The first part of the program concluded on a gleeful note. A cheerful firecracker, Megan Fairchild, and her playfully exalted partner, Joaquin De Luz, gave it all and then some as they sailed, with wild abandon and a tambourine in hand, through the exuberant steps of George Balanchine’s lighthearted “Tarantella,” set to the music of Louis Moreau Gottschalk. Both dancers have talent, charisma and personality to boot; and they looked so irresistible dancing together that it was impossible not to surrender to sheer joy and exhilaration of their performance.
Justin Peck’s “‘Rōdē,ō: Four Dance Episodes”—an expansive piece for a 16-member cast set to the famous score of Aaron Copland—premiered last season. I was impressed with this ballet then; and I was even more impressed with it this time. Staying true to the essence of the music, in “‘Rōdē,ō,” Peck created visual imagery that is at once sophisticated and unpretentious, lyrical and rambunctious, humorous and utterly humane. His choreography translates in abstract terms a sense of openness and freedom with feelings of camaraderie and closeness. In many ways, this ballet is a poignant rumination on everyday life as told by a young man with wisdom of someone who has lived a hundred lives.
“‘Rōdē,ō” is a stirring showcase of the company’s male power; and the collective energy of the superb cast was the key to the extraordinary success of the performance. Anthony Huxley, Daniel Ulbricht and Andrew Veyette formed a buoyant, high-flying trio in the ballet’s opening and closing sections. Taylor Stanley showed his gentle, lyrical side in the poetic quintet of the second episode, danced to the heart-rending “Corral Nocturne.”
With his inimitable wicked grin, Amar Ramasar, in the ballet’s signature move, pulled the cord from the stage to give the orchestra a visual cue for the jubilant “Hoedown.” Ramasar was the only lucky guy who got to dance with the lone girl during this imaginary rodeo, partnering with Sara Mearns in the ballet’s third section with admirable plasticity and gracefulness.
To cap the evening, the company delivered a rousing rendition of Balanchine’s “Slaughter on Tenth Avenue”—the 1968 remake of the original dance number featured in the 1936 Rodgers and Hart musical “On Your Toes.”
I have a soft spot for “Slaughter.” It’s no masterpiece, but it’s a ballet that unfailingly puts a smile on my face, no matter how many times I’ve seen it.
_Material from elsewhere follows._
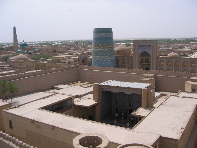イチャン・カラとは内部の城という意味で高さ7〜8メートル城壁で囲まれている。この城郭に宮殿、廟、モスク、メドレセ、ミナレットなどが建ち並んでいる。

A mélange of humor and horror, it’s a hilarious spoof on gangster movies and backstage jealousy. This comic melodrama takes place in a shabby night club and boasts the most unusual opening act in all ballet: a disgruntled dancer hires an assassin to eliminate his competitor in a love triangle in a cunningly revengeful plot. Yet the main story here revolves around a kindhearted hoofer who falls in love with the club’s sexy stripper who saves his life in the ballet’s surprising finale.
Sporting a shimmering fringed dress, the alluring Teresa Reichlen was a glamorous-looking, high-kicking Striptease Girl; but it was Robert Fairchild as the lovelorn Hoofer who ultimately won the affection of the audience. With loads of charm and a proper Broadway swagger, he tapped his way away from imminent death to happily-ever-after, channeling with wholehearted abandon and uncontainable passion his inner Gene Kelly.